━━━━━ EXERCISE MATERIAL

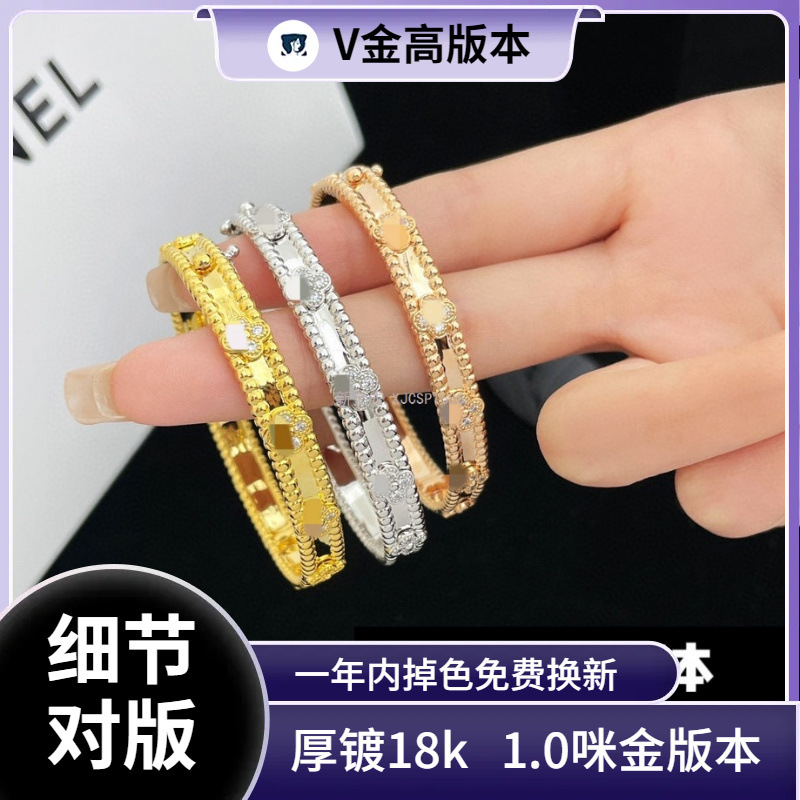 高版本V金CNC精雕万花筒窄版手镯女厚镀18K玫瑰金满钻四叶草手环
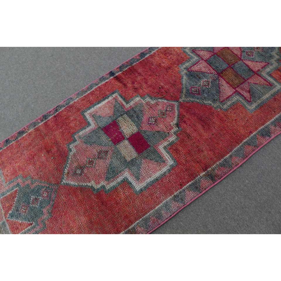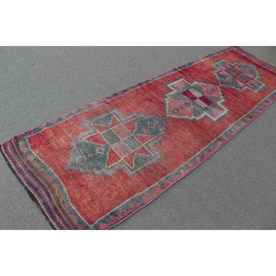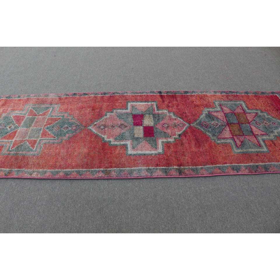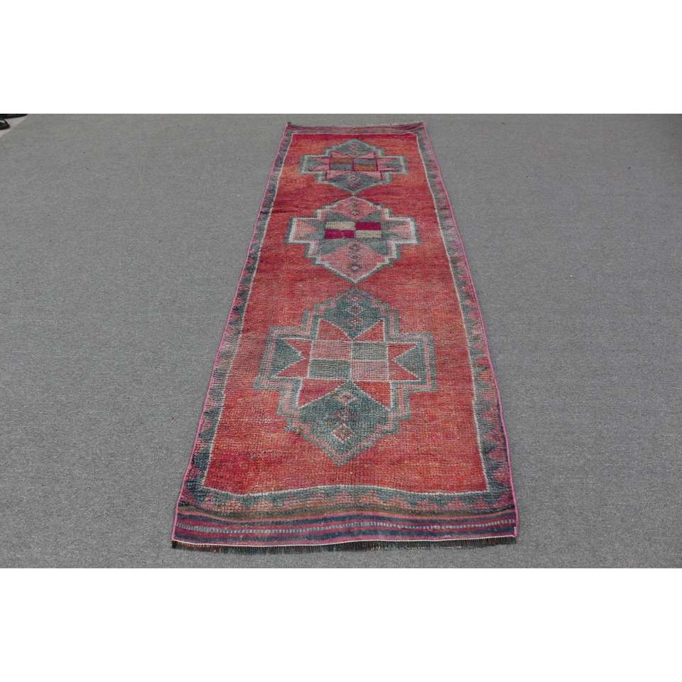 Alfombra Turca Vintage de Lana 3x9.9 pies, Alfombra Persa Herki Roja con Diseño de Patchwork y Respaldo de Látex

━━━━━━━━━━
━━━━━ EXERCISE MATERIAL

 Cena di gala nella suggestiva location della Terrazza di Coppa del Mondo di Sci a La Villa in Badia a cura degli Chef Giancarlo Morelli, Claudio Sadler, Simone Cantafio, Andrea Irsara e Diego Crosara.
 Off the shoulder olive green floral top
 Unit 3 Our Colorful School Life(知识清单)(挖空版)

━━━━━━━━━━

### TASK BRIEF
The reply should hold only the lines of the listing above starting at the line containing "Off the shoulder olive green floral top" and ending at the line containing "Unit 3 Our Colorful School Life(知识清单)(挖空版)", exactly as written.

### SOLVED PROBLEM
 Off the shoulder olive green floral top
 Unit 3 Our Colorful School Life(知识清单)(挖空版)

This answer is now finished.